Échec des négociations - Legault sonne la fin de la récréation
Le ministre de la Santé est prêt à se heurter aux médecins pour «préserver le système»
Fabien Deglise
25 juillet 2002
Les jeux sont faits. L'ultime tentative de conciliation menée hier entre François Legault, Bernard Landry et les trois fédérations de médecins s'est soldée par un nouvel échec. Conséquence: le ministre de la Santé ira aujourd'hui de l'avant à l'Assemblée nationale avec sa loi spéciale. Une loi qui, en forçant les médecins à assurer le service dans les urgences de la province, donne également le ton de la révolution que le ministre souhaite maintenant imposer dans son réseau.

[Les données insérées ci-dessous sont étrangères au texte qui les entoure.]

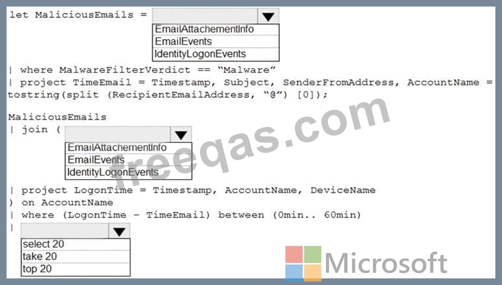 You need to create an advanced hunting query in Microsoft 365 Defender to identify whether the accounts of the email recipients were compromised. The query must return the most recent 20 sign-ins performed by the recipients within an hour of receiving the known malicious email.
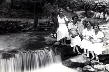 From right to left: my aunt, my mother`s sister Anna Fokina (nee Buch), my aunt Katia Buch, my mother Taiba Ogushevich, I, Maria Zabozlaeva, and my mother`s acquaintance whose name I don`t remember. This photograph was taken in Kislovodsk in summer 1935 when we went on vacation before my going to school.
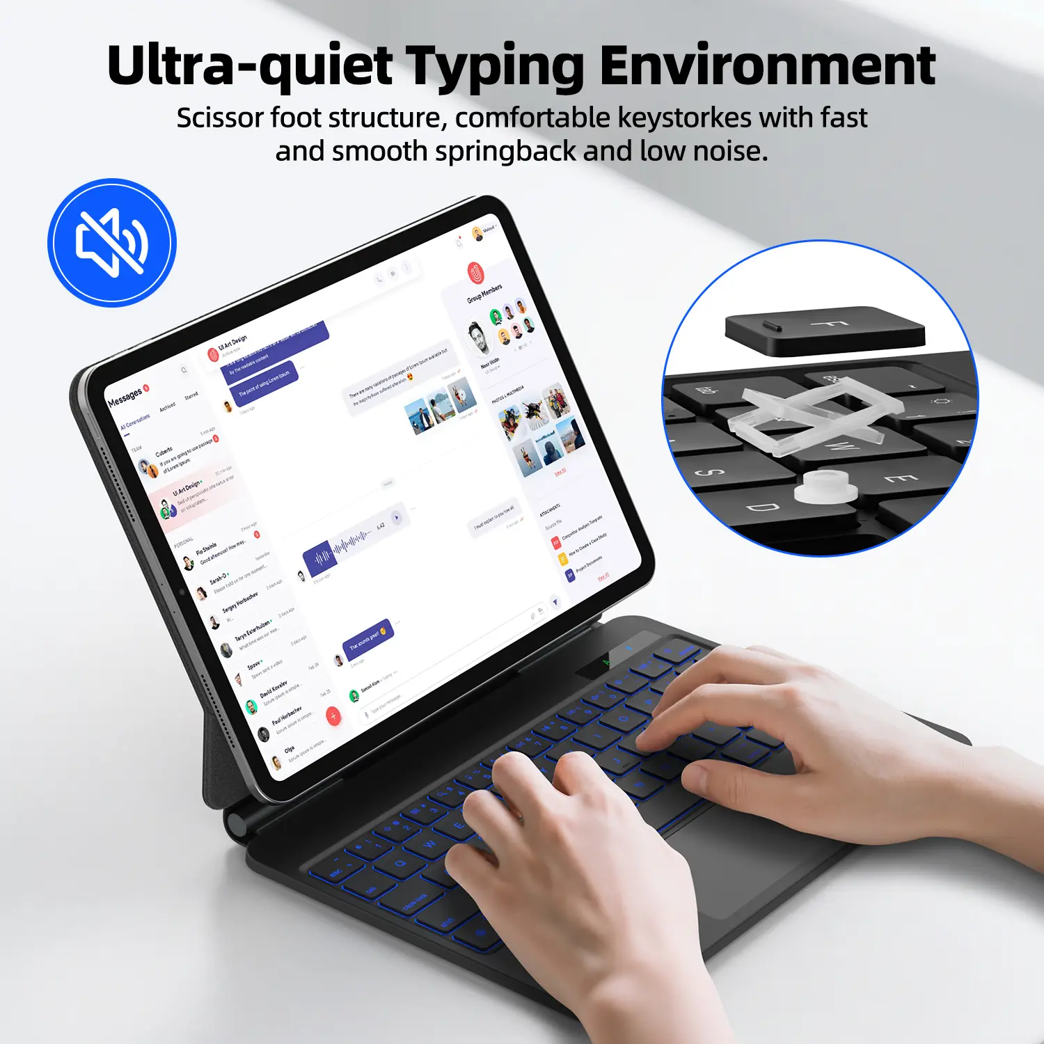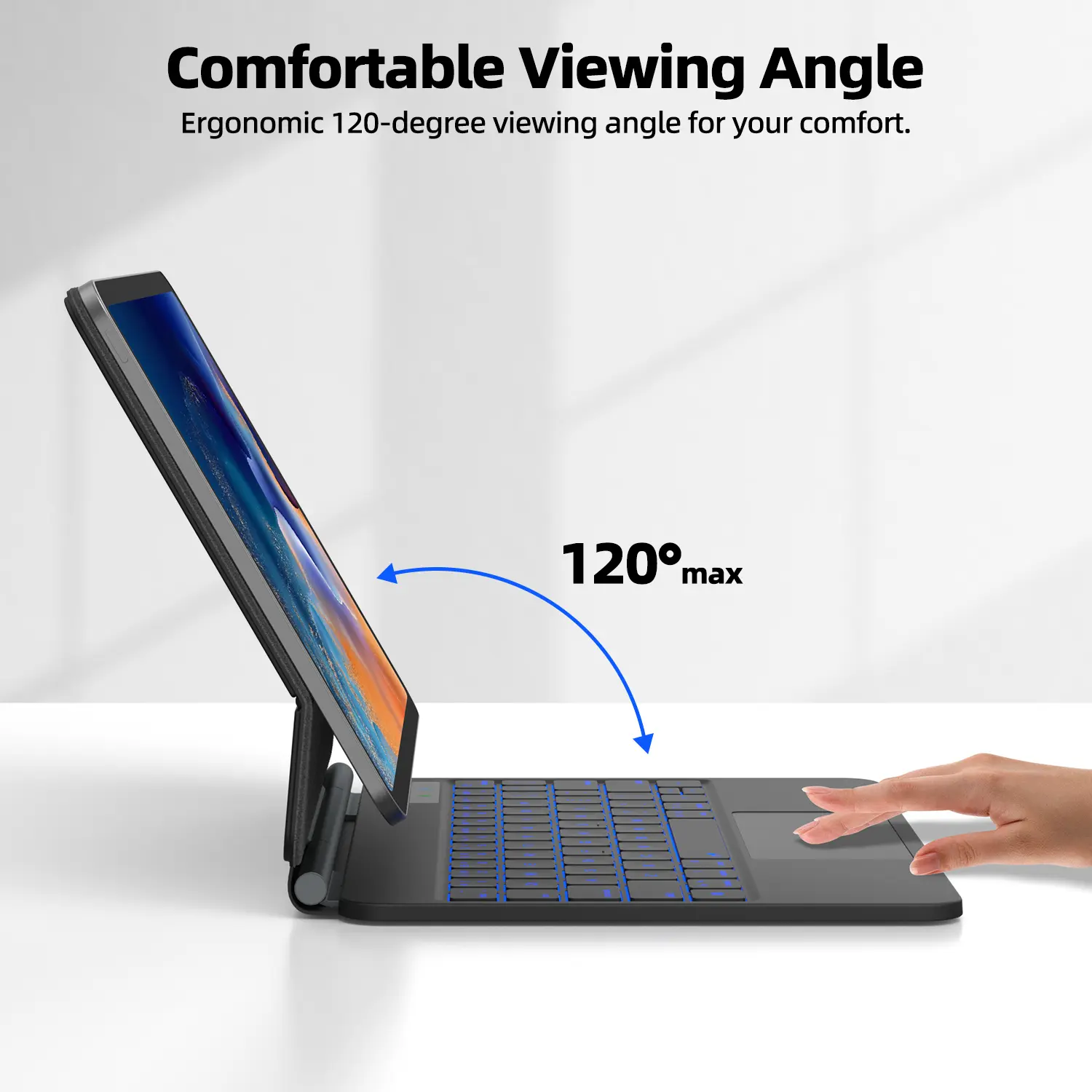 Multi-Angle Stand: The floating magic keyboard case offers a perfect angle for typing, sketching, watching videos, and more, helping reduce neck strain and enhance comfort for extended use.
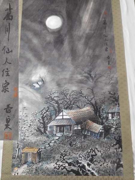 - 【模写】掛け軸 月下山村風景図 夜 月夜 葛川仙人住家 春泉銘?作者不明 紙本肉筆 人が描いたもの 幅広 合箱

La fin de la récréation vient de sonner dans le réseau de la santé du Québec. Et le bruit de la cloche risque de résonner encore longtemps aux oreilles des médecins, tout comme à celles de l'ensemble des acteurs du milieu médical québécois. Et comment! En passant cette semaine de la parole aux actes avec sa loi spéciale visant à contraindre les médecins à servir dans les urgences de Shawinigan et Jonquière — fermées la nuit depuis le début de l'été —, François Legault souhaite aller bien plus loin que la simple gestion d'un problème d'accessibilité certes récurrent mais néanmoins circonscrit. Son objectif: mettre en marche toute une révolution dans le milieu de la santé. En effet, il est temps d'«agir rapidement et de changer notre approche pour préserver ce système de santé», a-t-il indiqué en entrevue au Devoir hier.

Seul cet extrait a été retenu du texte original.